There is often the view that if you purchase preowned hardware (especially from a third party), that it is not as good as buying it directly from the vendor. However, as one of our previous blogs have examined, buying preowned hardware is just as good, if not better, than getting it straight from the source. But just like anything else, there can be security risks involved. In this blog, we examine those risks and provide tips as to how you can mitigate them.
The Top Security Risks
*Keylogging software may be installed:
Keyloggers are software packages that can be deployed on just about any computer, server, or wireless device. The intention of this is to secretly record what you are typing, which is then transmitted back to the previous hardware owner. Keyloggers can be very difficult to detect.
*Malware could be present:
This is a more advanced version of a Keylogger. For example, it can record your web browsing history, install cookies without your consent, and even search your computer for other types of personal information that you may have stored on the hard drive. In more extreme cases, it can even view your presence through the webcam.
*It could be the target for Cryptojacking:
Cryptomining software typically mines for the virtual currencies, such as Bitcoin, etc. However, this requires more processing power and electrical consumption on part of your preowned hardware. Thus, it could be the case that the seller has actually installed this onto your hardware, so that they can illegally mine for these currencies (which is technically known as “Cryptojacking”). The tell-tale signs of this include slower than normal speeds when using your computer or wireless device.
*Deleted files can still be lurking:
When you delete a file from your computer, there are still traces of it in your hard drive. For example, although you may not see that file anymore where it was originally stored, it is still in your system. All that deleting does is simply mark that specific file so that it can be overwritten with a brand new one. Worst yet, these deleted files could even contain some sort of malware (such as a Trojan Horse) that can be secretly launched when you turn on your preowned hardware for the first time.
How to Mitigate the Risks of Preowned Hardware
Here are some tips to make sure that you stay safe:
*Wipe the hard drive clean:
Before you actually start creating and storing files, make sure that you have wiped out the hard drive just after you purchase your preowned hardware. This is often referred to as “nuking”, and there are many tools available that can help you accomplish this task. Not only will any existing files be completed flushed out, but any “junk” data as well.
*Replace the hard drive:
If for some reason you are unable to “nuke” the hard drive, then the next best option would be to replace it in its entirety. But you have to make sure that you can actually procure this from a reliable source. This all depends on how old your preowned hardware is. The older it is, the more difficult it will be to find the right hard drive.
*Make sure that the BIOS is updated:
Always check for the latest updates as it relates to the BIOS. Make sure that you download and install the latest version, in order to get rid of any surprises that could still be lurking in the preowned hardware. This process is known as “flashing the BIOS”.
Tips to Make Sure That You Avoid These Security Risks
*Make sure that the pre-owned hardware has been 100% refurbished to factory specs:
The hardware needs to have the most updated versions of both firmware and software.
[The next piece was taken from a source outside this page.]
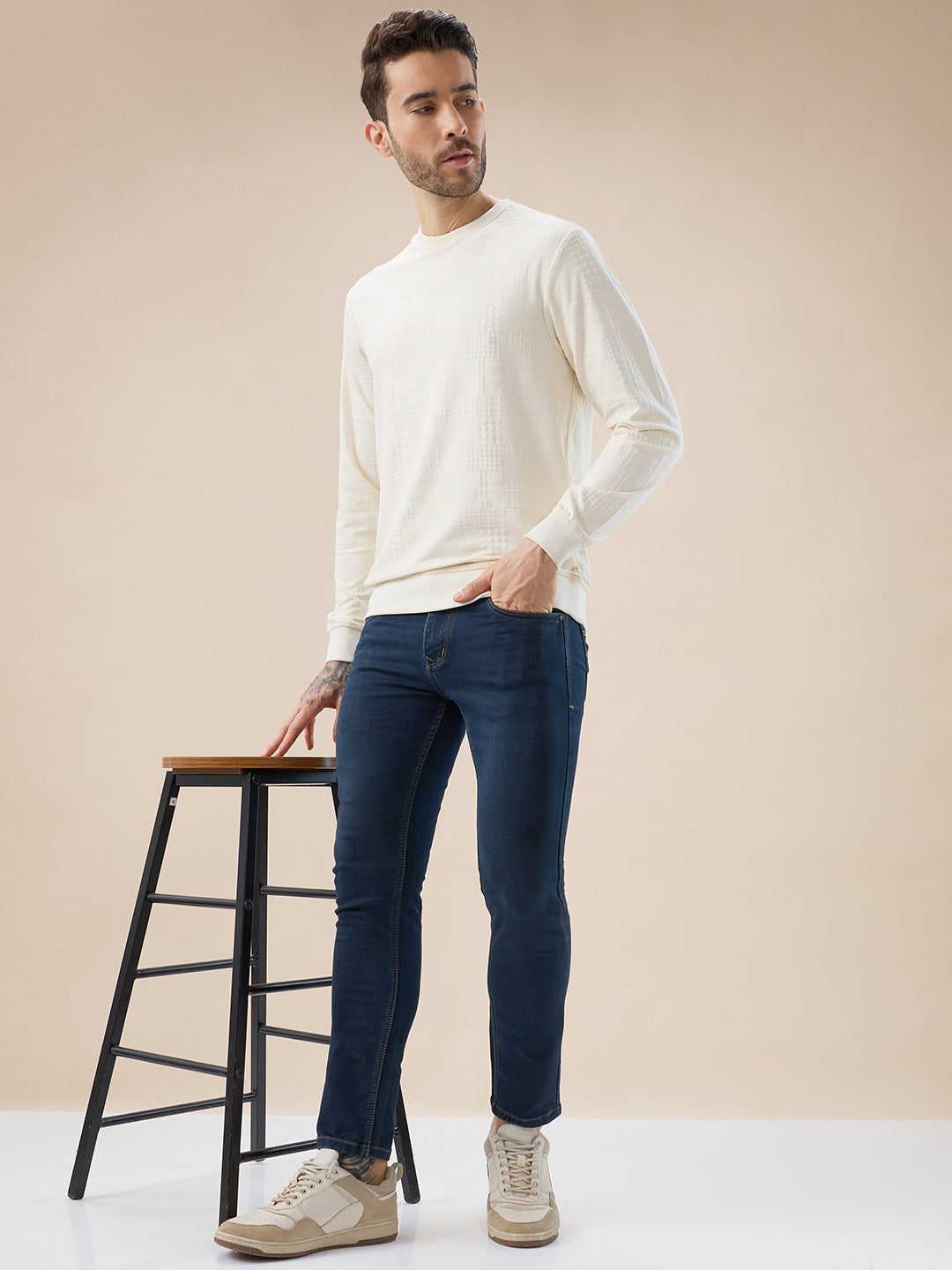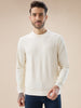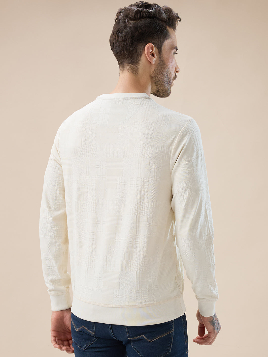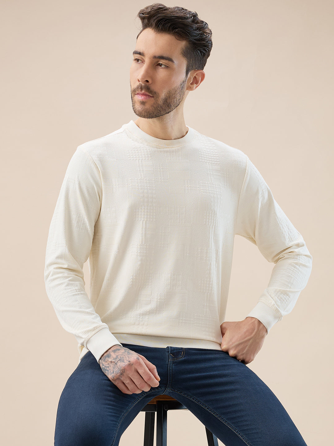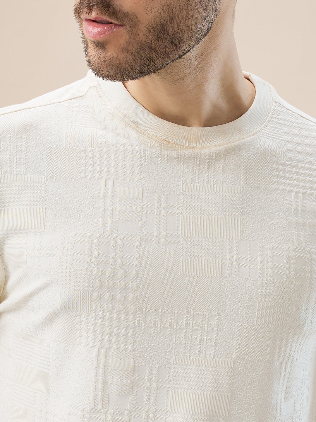 OFF WHITE Men's Geometric Textured Round Neck Full Sleeve Regular Fit T-Shirt

It also must be tested to ensure that it is operating within the appropriate specifications. Make sure that it is certified as well.
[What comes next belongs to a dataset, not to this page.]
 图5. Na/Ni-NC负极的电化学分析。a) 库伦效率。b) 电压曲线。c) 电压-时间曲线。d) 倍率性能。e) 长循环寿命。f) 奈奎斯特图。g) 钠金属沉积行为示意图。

*Make sure that you have the same warranty plans in place:
You need to double check that the preowned hardware that you are about to purchase is backed by the same warranty plan as the manufacturer offers. In addition to this, you also need to make sure that you have the equivalent support and maintenance plans as well. If this is not in place, you could potentially lose a lot of money if the equipment does not work properly.
*There are no hidden costs:
You should be paying the retail price and nothing more. Be wary of any hidden and inflated costs. If there are any, these should be a red flag to you. Also, be aware of any products in which the “prices are too good to be true”. There could be defects with them, and could even pose a grave security risk to your company.
*Confirm that the reseller is certified by the OEM:
While the prices might be much cheaper at eBay or Amazon, there is no guarantee that the product you are getting has been tested, or even has a warranty plan with it. You should always procure your hardware from an authorized reseller, and one that has been certified by the OEM. That way you are assured that you are buying the real thing.
It is important to keep in mind that not all Cyber attacks have to be digitally related. A lot can happen at the hardware level too, especially when it comes to using portable media devices and other such related items. But even with refurbished hardware, just because everything has been supposedly “wiped clean” does not necessarily mean that there is stuff still not lingering on them, which can pose a very serious security down the road.
It’s just like deleting a file, like a .DOC or .XLS file. Just because you do a right click with the mouse and delete it, it is always still in your system. Really in the end, there is no way to guarantee that by getting a refurbished device that it will be totally wiped clean.
Therefore, if you choose to get refurbished equipment, then always make sure to go with a very reputable dealer, as stated before, and get the best warranty plan that is possible, so if something does go wrong, at least it can be fixed or replaced.
Remember, it comes down to this old adage: You get what you pay for.